Actuarial Neural Additive Model: What the Paper Actually Does (arXiv:2509.08467)

In September 2025, Patrick Laub, Tu Pho and Bernard Wong (UNSW) published arXiv:2509.08467: ‘An Interpretable Deep Learning Model for General Insurance Pricing.’ The paper introduces the Actuarial Neural Additive Model. We have already written about the implementation in insurance-gam and the choice between EBM, ANAM and PIN. This post is different: it is about the paper itself — the methodology choices, the formal apparatus, and what those choices mean for pricing teams in practice.

The benchmark numbers get all the attention. The methodology is more interesting.

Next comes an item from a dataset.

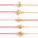 红绳在台湾传统文化中,象征祝福、吉祥、开运,设计师以红绳与金链各半的形式呈现手链,将传统与时尚结合。
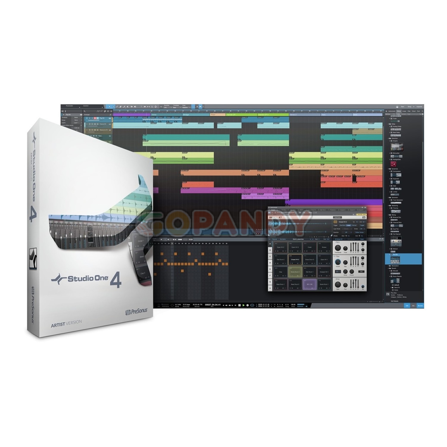 The Presonus Studio One Artist is a basic version of the Studio One Pro digital audio workstation which can be used to produce high quality audio projects with a variety of audio, virtual instrument and effects tracks. Featuring totally unlimited tracks and a huge range of on board effects Presonus Studio One Artist delivers an extremely user friendly interface to allow creation in a quick and ergonomic package.

The problem the paper is actually solving

The interpretability literature for insurance pricing has two branches that rarely intersect. The first is post-hoc: SHAP, integrated gradients, LIME — methods that explain a black-box model’s predictions after the fact. The second is intrinsic: GLMs, GAMs, EBMs — models whose structure makes the contribution of each feature to each prediction mathematically exact.

The gap in the intrinsic branch has been the absence of a model that satisfies all of: (1) non-parametric shape functions without manual bucketing decisions, (2) formally guaranteed smoothness, (3) provably monotone constraints, (4) actuarially appropriate distributional losses, and (5) multi-task structure for joint frequency-severity modelling. You can get some of these from an EBM (InterpretML), some from a GAM fitted in Emblem, none of them all together.

ANAM is the paper’s answer to that gap.

The architecture: one subnetwork per covariate

The prediction structure is additive in log space — the same as a GLM or any GAM:

log(E[Y | x]) = offset + f_1(x_1) + f_2(x_2) + ... + f_p(x_p)

What is different from a GLM is that each f_j is a small neural network (the paper calls these FeatureNetworks), not a linear function of manually engineered terms. Each f_j receives only its own covariate x_j and nothing else. This is what makes the model intrinsically interpretable: f_j(x_j) is not an approximation of the feature’s contribution — it is the feature’s contribution, in the same log-space unit as a GLM parameter.

Pairwise interaction terms extend the structure to:

log(E[Y | x]) = offset + Σ_j f_j(x_j) + Σ_{j<k} f_{jk}(x_j, x_k)

where each f_{jk} is a dedicated two-input subnetwork for that feature pair. The paper treats interaction terms as optional: you start with main effects only and add pairs where the data support them.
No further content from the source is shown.